The song created by generative artificial intelligence (AI) and composed by the anonymous musical creator Ghostwriter, Heart on My Sleeve, has been presented in the categories of best rap song and song of the year at the Grammy Awards, and will be eligible to be awarded. , since “it was written by a human.”


Last June, the Grammy Awards updated the guidelines that guide the selection of nominees to include a series of nuances regarding the use of generative AI in music. In this sense, the regulations specified that the possibility that an AI could be nominated or win a Grammy is ruled out, limiting this situation only to human creators.

However, it was also detailed that materials generated by an AI can be admitted as long as the human authorship is “significant and more than minimal.” Furthermore, this component of human authorship must be “relevant to the category in which said work falls.”

In this framework, Ghostwriter, the anonymous composer of the song Heart on My Sleeve, who used generative AI to, among other things, simulate the voices of artists Drake and The Weekend, has presented said song for the next edition of the awards Grammy, with the intention of participating in the ‘Best Rap Song’ and ‘Song of the Year’ categories.

In this regard, The Recording Academy – the organization that awards the Grammy Awards – has indicated that it can accept this song as an eligible option for the awards, since it is a song written by a human.

This has been shared by The New York Times, who has had access to the statements of a representative of Ghostwriter, who detailed that the team had recently submitted the song to the Awards, as well as the statements of the producer and executive director of the Academy, Harvey Mason.

In this sense, Mason has pointed out that despite being a song created with generative AI, which replicates the voices of other artists, it is a song eligible for the Grammy Awards. “As for the creative part, it is absolutely eligible because it was written by a human being,” she explained.

However, Mason has also developed that the Academy will check if the song meets other requirements, such as being commercially available, since there is a rule that a song must have “general distribution.”
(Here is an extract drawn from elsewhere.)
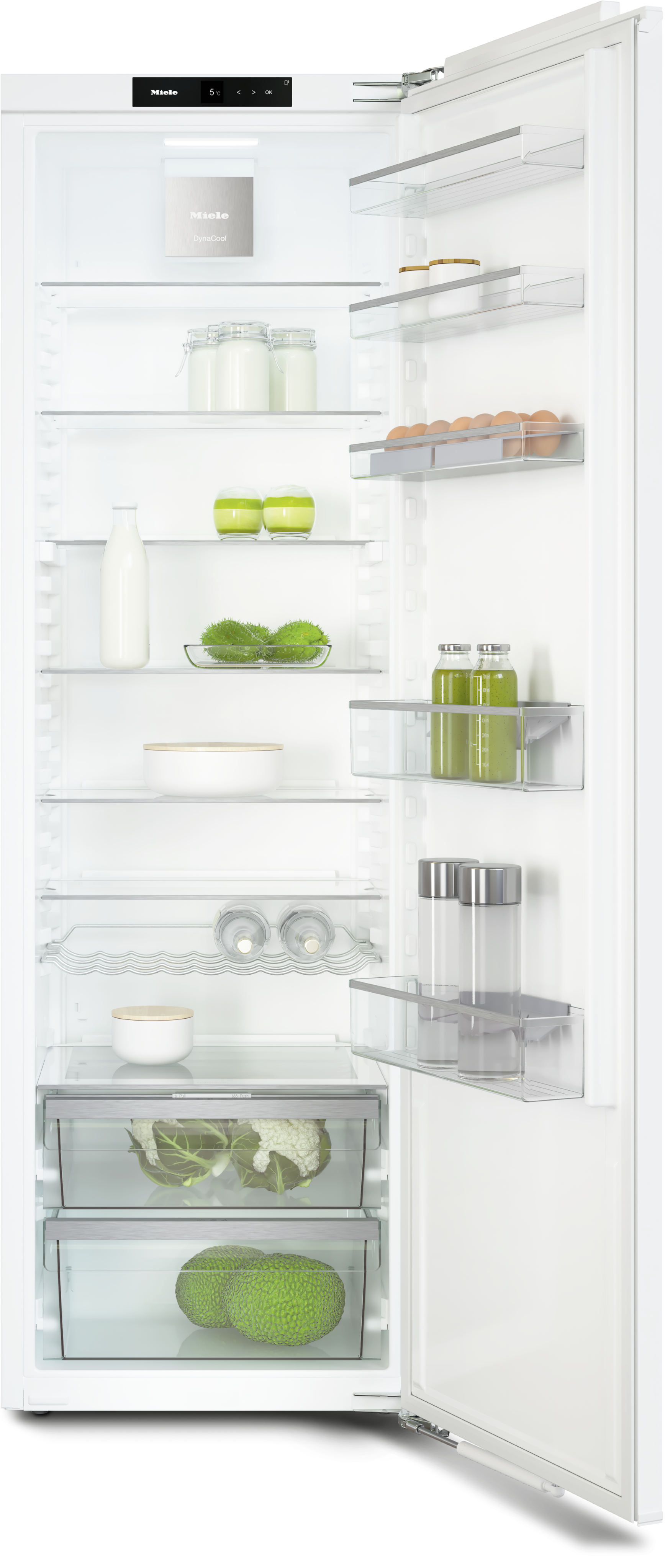 Система сохранения свежести MasterFresh в холодильниках Miele предназначается для хранения продуктов в морозильной камере при минимальной температуре без замораживания. Влажность воздуха также можно регулировать, чтобы создать оптимальные условия для хранения зелени, овощей, фруктов, мыса и рыбы, сыров и других молочных продуктов. Продукты для хранения помещаются в специальные контейнеры MasterCool, позволяющие в три раза дольше сохранять их свежесть, а также все витамины и минералы. Контейнеры с прозрачной передней частью легко выдвигаются для удобного доступа к продуктам.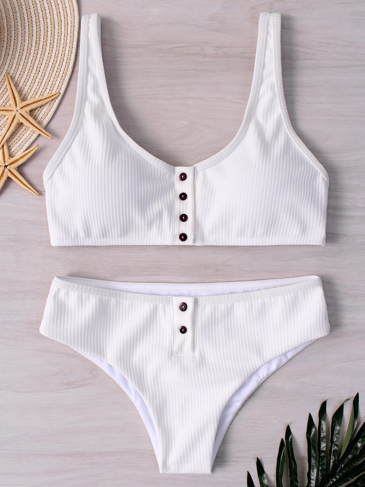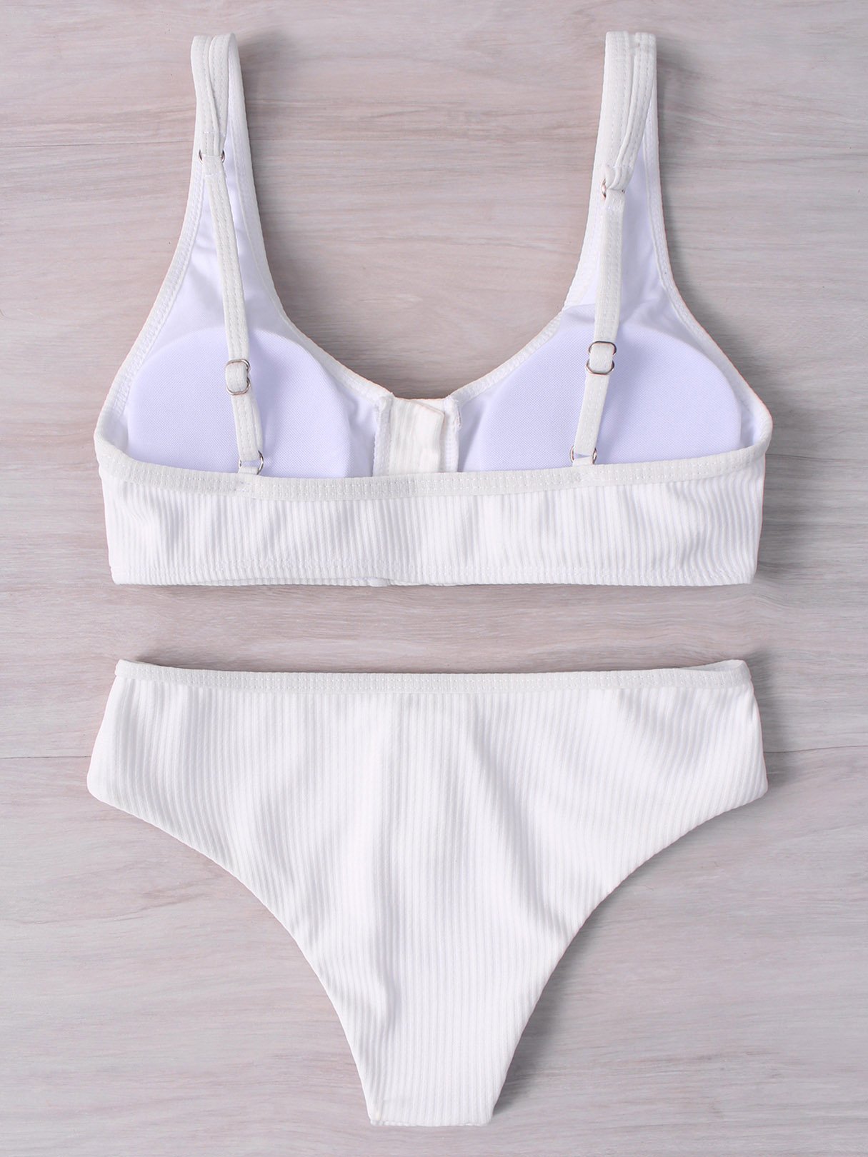 White Sleeveless Plain Spaghetti Strap Two Piece Bikinis

That is, the song must have met “the wide release of a recording, available nationwide through physical stores, third-party online retailers and/or streaming services,” according to the regulation. In this regard, the Ghostwriter representative has detailed that the team is aware of this commercial availability requirement, although he has not detailed how they will solve it.

The song Heart on My Sleeve, which was released earlier this year, was mostly composed originally by Ghostwriter. However, it uses the voices of Drake and The Weekend thanks to the implementation of AI and was published without authorization.

For this reason, although the topic became well known among users, especially on social networks, it was removed from streaming services after complaints from record companies. Later, according to The New York Times, the Ghostwriter team met with record labels, music platforms and artists to look for ways to use AI in music.


Following this line, they also indicated that their intention is to raise awareness about all the possibilities that AI voice filters offer. They even compared the use of generative AI with other techniques such as ‘sampling’ in hip-hop, that is, recording a sound and reusing it later for musical composition.

So much so that the team proposed creating a platform where artists could license their voice so that other artists could use it in their creations. In this way, users could pay to use other artists’ voices in their songs without them actually having to intervene.

For his part, Mason also pointed out that AI will play an important role in the music business and, therefore, he has ruled that we cannot “turn our backs on it and try to ban it.”